Locally with Automatic1111 and ControlNet
For the local training I first tried to use Automatic1111 to train an embedding. Embeddings are simple vectors that drive the model based on textual inversion from pre-existing images. It is similar to the interrogate feature in Midjourney. I trained the embedding on a few of my Midjourney generated images to see how this would work in copying the Midjourney style.
The end results really were not anything spectacular. I tried using ControlNet to drive the generation on top of the embedding, but the results just looked awful.
Trying to get the AI to generate something very specific or to drive a pre-existing, heavily stylised image to a certain direction is very very difficult.
Online based Stable Diffusion (Scenario)
As the embedding were a bust, I decided to try an online tool as well.
For the online training I used Scenario.com. It is an online user interface built on top of Stable Diffusion. Training a model in this online tool is very easy. I just dragged all of the midjourney generated images into the training page and Scenario automatically cropped everything for me and started the training process.
The results with scenario were a lot better, but far from perfect. The new areas my custom stable diffusion model generated did not a 100% match the image I was expanding on, but these results would be passable in a pinch.
My first experiment was to try to outpaint the room location to get a wider angle on the small room. I really do not like to allow the characters to get too close to the camera. This was just a quick test and the result is far from perfect.
Stable diffusion based tools have always been a little hard for me. They seem to require afar better use of prompting and tinkering to get right. But once you have it set up just the way you like, oh boy is it ever good! One very important aspect of using any Stable Diffusion based tool is negative prompting.I did not use any of it here. I usually tend to just have too little time to spend on tweaking and tinkering.
Using Dall-e 2 image editing
I had previously written off Dall-e as being a tool that produces somewhat boring images. But I decided to give it a go for extending the bedroom location, as I felt it was zoomed in way too close.
Dall-e’s outpainting proved to be so coherent and effortless. It was simply the easiest solution so far to use out of the box! Who would have known!
But in the world of generative AI, things move so fast and as I was writing this a new challenger entered the arena…
Adobe Photoshop/Firefly Generative AI tools
I tried to extend and edit the scene in Photoshop to see how it would work. And it was almost perfect. My favourite thing is that you can extend images without any prompt present. It will just match the image look and feel and give you more of it.
Here is the workflow for the bedroom / lobby scene in photoshop:
When you factor in the editing tools that Photoshop has out of the box, editing Midjourney creations in photoshop is a breeze! For my use-case, Photoshop simply had the best toolset – for now!
The generated parts of the image are not at par with the midjourney generated imagery, but they are close enough.
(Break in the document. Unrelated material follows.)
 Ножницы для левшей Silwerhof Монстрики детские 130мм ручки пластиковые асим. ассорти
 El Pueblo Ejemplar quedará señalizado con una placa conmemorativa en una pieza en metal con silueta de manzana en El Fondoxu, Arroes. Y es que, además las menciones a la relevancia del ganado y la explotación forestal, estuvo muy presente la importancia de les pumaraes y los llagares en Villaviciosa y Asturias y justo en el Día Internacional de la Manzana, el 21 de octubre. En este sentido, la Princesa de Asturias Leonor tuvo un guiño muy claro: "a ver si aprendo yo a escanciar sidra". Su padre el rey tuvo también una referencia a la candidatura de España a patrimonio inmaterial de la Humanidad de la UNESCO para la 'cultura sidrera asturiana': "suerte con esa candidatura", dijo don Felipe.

And the ease of use is unparalleled.
Here is the example video of the workflow of an image editing in Photoshop with the new generative tools:
In this video you can see me first use the generative tools to edit the image and then afterwards match the lighting of the image to the neighbouring room.
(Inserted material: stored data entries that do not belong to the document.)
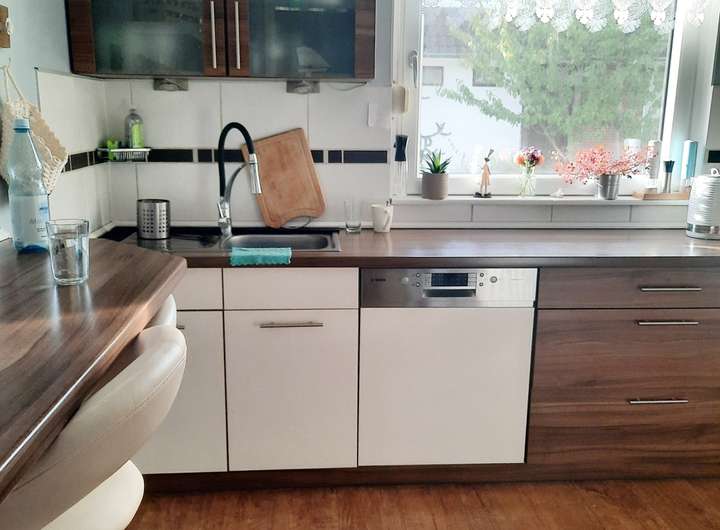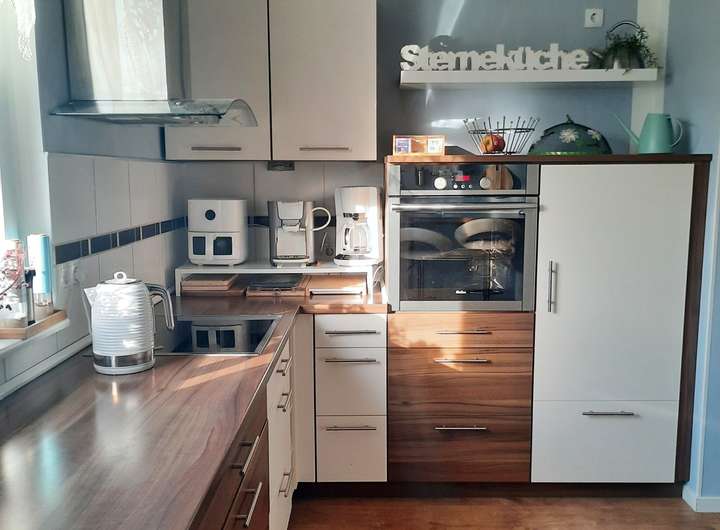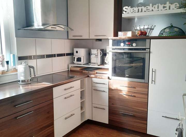 Die Einbauküche kann auf Wunsch per Abstandszahlung von den jetzigen Mietern übernommen werden. Ein Hauswirtschaftsraum an der Küche bietet viel Stauraum.
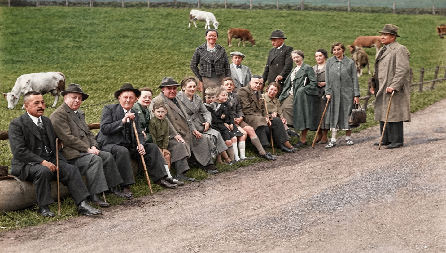 1937 - Wanderung Birresborn Sitzend v.l.: Adam Plein, ?, Johann Willems, Frau und Herr Fischer, Frau und Herr Becker Stehend v.l.: Johanna Hoffmann, Matthias Lauterborn, Dr. Jakob Plein, Maria Endres, Maria Lauterborn, Frieda Hütten, Johann Endres
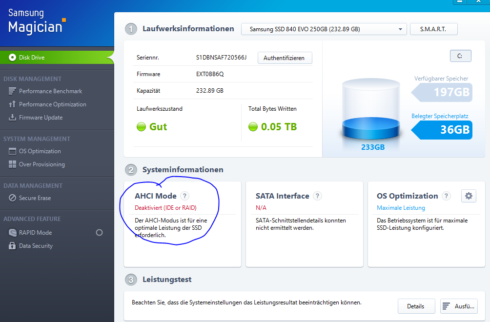 Gestern Abend habe ich mich mal daran gemacht, das gebraucht gekaufte Board samt Prozessor und der SSD zusammen zu bauen und Windows 8.1 Pro als Betriebssystem zu installieren. Im BIOS habe ich den Controller als RAID konfiguriert, damit ich als Ablage ein RAID1 aufbauen kann. Läuft auch alles wunderbar, aktuellste Software für die SSD installiert, genau so wie die aktuelle RST-Version. Nun macht mich aber der Status der Samsung Magican Software etwas stutzig:
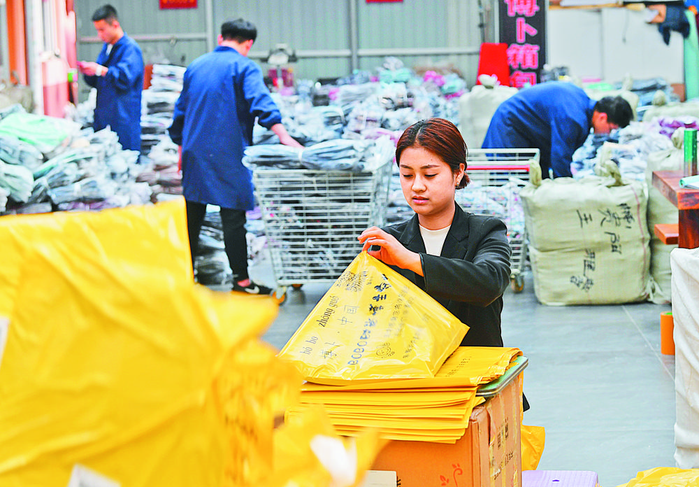 4月6日,位于河北省白沟新城的一家企业内,员工正在为即将出厂的箱包产品进行包装。连日来,白沟新城箱包生产企业开足马力赶制外贸订单。截至3月31日,当地外贸公司出口5063票单,出口额达4.1亿美元,同比大幅增长。
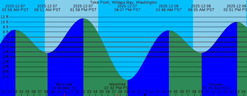 2025-12-07 02:58 AM PST 8.45 feet High Tide 2025-12-07 07:47 AM PST Sunrise 2025-12-07 08:11 AM PST 3.80 feet Low Tide 2025-12-07 10:56 AM PST Moonset 2025-12-07 01:58 PM PST 10.76 feet High Tide 2025-12-07 04:27 PM PST Sunset 2025-12-07 07:32 PM PST Moonrise 2025-12-07 09:07 PM PST -1.62 feet Low Tide 2025-12-08 03:49 AM PST 8.35 feet High Tide 2025-12-08 07:47 AM PST Sunrise 2025-12-08 09:05 AM PST 3.84 feet Low Tide 2025-12-08 11:29 AM PST Moonset 2025-12-08 02:51 PM PST 10.03 feet High Tide 2025-12-08 04:27 PM PST Sunset 2025-12-08 08:54 PM PST Moonrise 2025-12-08 09:56 PM PST -0.97 feet Low Tide 2025-12-09 04:41 AM PST 8.26 feet High Tide 2025-12-09 07:48 AM PST Sunrise 2025-12-09 10:04 AM PST 3.86 feet Low Tide 2025-12-09 11:53 AM PST Moonset 2025-12-09 03:48 PM PST 9.15 feet High Tide 2025-12-09 04:27 PM PST Sunset 2025-12-09 10:11 PM PST Moonrise 2025-12-09 10:45 PM PST -0.20 feet Low Tide 2025-12-10 05:33 AM PST 8.24 feet High Tide 2025-12-10 07:49 AM PST Sunrise 2025-12-10 11:10 AM PST 3.79 feet Low Tide 2025-12-10 12:12 PM PST Moonset 2025-12-10 04:27 PM PST Sunset 2025-12-10 04:50 PM PST 8.20 feet High Tide |

These new tools, even though have existed elsewhere for a while, have never been this easy to use as a part of an art creation workflow. As a professional.
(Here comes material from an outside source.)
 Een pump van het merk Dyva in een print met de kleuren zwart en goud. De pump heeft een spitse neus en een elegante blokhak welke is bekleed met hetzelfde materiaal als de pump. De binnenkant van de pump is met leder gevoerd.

I still expect the smaller, specialised AI tools to be more easily accessible for the majority of people.
The ease of editing in Photoshop allows me far greater leeway when selecting the starting image from Midjourney. It does not need to be perfect. I know with confidence that I can do the changes I need very quickly.
In the next part, I will model and combine these scenes together. I have a little bit of a twist in mind for this location!
I have recently begun to split these bigger posts into a couple of parts. How does this feel? is it ok or would you like to have less posts and see the result as 3D captured in game in the first post?